Marcus nodded slowly. “Maybe.”

He leaned back, shoulders slumping.

“You ever wonder what we’d all be doing if we didn’t work at BuyMore?” he asked suddenly.

“All the time,” Brenda replied.

He stared at the ceiling. “I used to think I’d end up in tech. Like, actual tech. Wires, software, startup hoodie vibes. But now? I think I’m just… here.”

Brenda nudged his foot under the table. “You’re more than just here, Marcus. You hold half that store together. You’re the guy who fixes things.”

He gave her a crooked smile. “Including myself?”

“One thing at a time.”

They left the diner-bar just after midnight.

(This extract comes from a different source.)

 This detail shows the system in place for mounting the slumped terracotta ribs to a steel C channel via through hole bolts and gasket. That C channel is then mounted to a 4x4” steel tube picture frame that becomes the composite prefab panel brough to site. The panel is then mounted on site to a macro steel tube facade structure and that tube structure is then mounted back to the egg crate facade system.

Marcus was leaning slightly against her, not quite stumbling but clearly looser than usual.

Brenda guided him to his car and took his keys with a sigh.

“Come on,” she said. “You’re not driving. I’ll call a ride.”

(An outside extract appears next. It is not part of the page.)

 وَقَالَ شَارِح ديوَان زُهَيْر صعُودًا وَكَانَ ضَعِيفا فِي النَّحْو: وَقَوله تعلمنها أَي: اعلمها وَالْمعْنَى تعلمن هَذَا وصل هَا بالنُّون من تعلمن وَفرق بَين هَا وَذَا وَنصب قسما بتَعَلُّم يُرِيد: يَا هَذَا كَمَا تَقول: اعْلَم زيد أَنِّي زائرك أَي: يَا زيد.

He leaned his head against the cool window of the passenger side. “You’re a good friend, Bren.”

She didn’t answer right away.

Then, softly: “Yeah. I am.”

She stepped back as the rideshare pulled up, handing the driver Marcus’s keys and explaining the address.

Before he climbed inside, Marcus turned to her.

“You won’t tell anyone what I said, right?”

Brenda shook her head. “Your secret’s safe.”

He gave her a lopsided smile. “Thanks. For listening.”

Then he climbed in, door shutting behind him.

Brenda stood on the curb, arms wrapped around herself, watching the car disappear into the night.

She didn’t cry.

But something inside her curled in on itself.

Not jealousy.

Not quite.

Just… something unnamed and heavy.

At BuyMore the next morning, Marcus was his usual self—maybe quieter, maybe slightly more careful around Callie, but still cracking jokes, still fiddling with the display wires like nothing had changed.

Brenda watched him from across the employee floor, a smile fixed on her face.

But she felt it now.

The quiet ache of knowing something, and keeping it to yourself.

The weight of something she couldn’t say, not yet.

Maybe not ever.

But she would still laugh at his jokes.

She would still pass him the good pens.

And she would still be his friend.

Even if that meant holding back.

Even if something in her stirred every time he smiled at someone else.